=== EXTRACTED MATERIAL ===
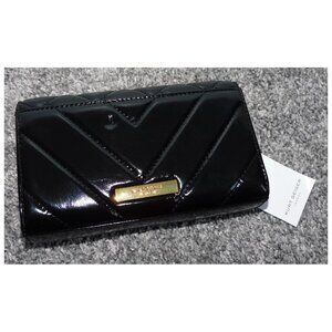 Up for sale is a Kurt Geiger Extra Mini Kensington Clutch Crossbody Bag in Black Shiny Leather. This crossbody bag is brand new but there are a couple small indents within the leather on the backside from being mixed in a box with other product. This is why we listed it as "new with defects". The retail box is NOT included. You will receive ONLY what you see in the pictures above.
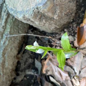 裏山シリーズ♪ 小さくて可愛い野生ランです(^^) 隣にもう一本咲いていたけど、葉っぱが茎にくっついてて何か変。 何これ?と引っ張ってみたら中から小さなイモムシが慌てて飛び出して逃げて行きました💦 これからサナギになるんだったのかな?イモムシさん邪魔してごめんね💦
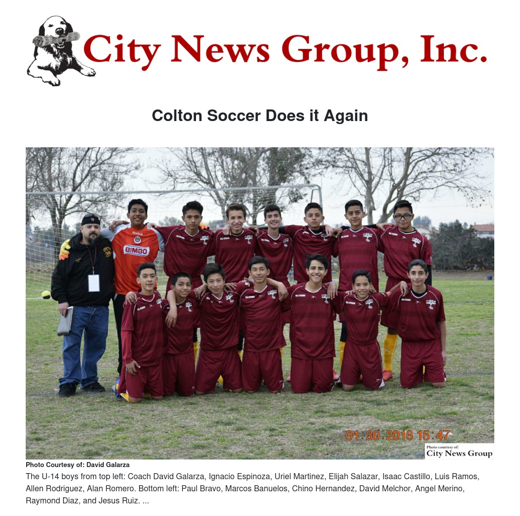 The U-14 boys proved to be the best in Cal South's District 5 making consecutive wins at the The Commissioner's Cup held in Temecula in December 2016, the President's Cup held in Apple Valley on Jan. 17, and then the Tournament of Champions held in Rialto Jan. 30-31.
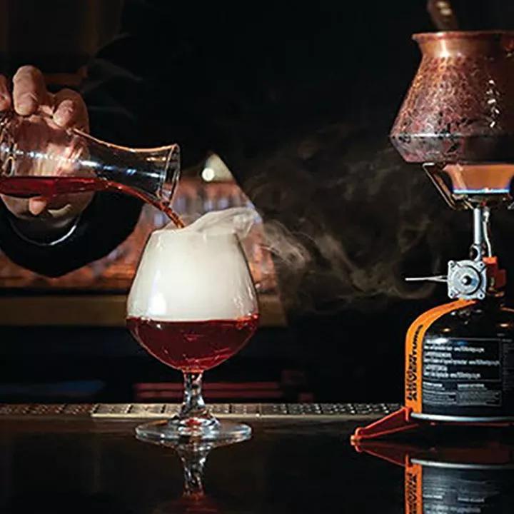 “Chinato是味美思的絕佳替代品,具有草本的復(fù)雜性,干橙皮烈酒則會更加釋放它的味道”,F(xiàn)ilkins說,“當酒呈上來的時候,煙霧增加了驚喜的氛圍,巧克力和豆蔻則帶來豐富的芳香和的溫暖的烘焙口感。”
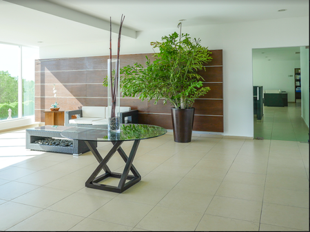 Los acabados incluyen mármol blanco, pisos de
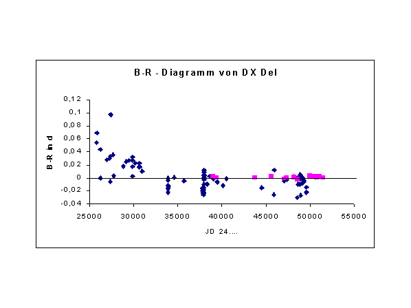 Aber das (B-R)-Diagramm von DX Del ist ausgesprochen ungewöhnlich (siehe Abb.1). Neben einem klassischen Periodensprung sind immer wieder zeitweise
===
_DIRECTIONS:_
Word for word, return the records shown above without their pictures.

_WRITTEN ANSWER:_
 Up for sale is a Kurt Geiger Extra Mini Kensington Clutch Crossbody Bag in Black Shiny Leather. This crossbody bag is brand new but there are a couple small indents within the leather on the backside from being mixed in a box with other product. This is why we listed it as "new with defects". The retail box is NOT included. You will receive ONLY what you see in the pictures above.
 裏山シリーズ♪ 小さくて可愛い野生ランです(^^) 隣にもう一本咲いていたけど、葉っぱが茎にくっついてて何か変。 何これ?と引っ張ってみたら中から小さなイモムシが慌てて飛び出して逃げて行きました💦 これからサナギになるんだったのかな?イモムシさん邪魔してごめんね💦
 The U-14 boys proved to be the best in Cal South's District 5 making consecutive wins at the The Commissioner's Cup held in Temecula in December 2016, the President's Cup held in Apple Valley on Jan. 17, and then the Tournament of Champions held in Rialto Jan. 30-31.
 “Chinato是味美思的絕佳替代品,具有草本的復(fù)雜性,干橙皮烈酒則會更加釋放它的味道”,F(xiàn)ilkins說,“當酒呈上來的時候,煙霧增加了驚喜的氛圍,巧克力和豆蔻則帶來豐富的芳香和的溫暖的烘焙口感。”
 Los acabados incluyen mármol blanco, pisos de
 Aber das (B-R)-Diagramm von DX Del ist ausgesprochen ungewöhnlich (siehe Abb.1). Neben einem klassischen Periodensprung sind immer wieder zeitweise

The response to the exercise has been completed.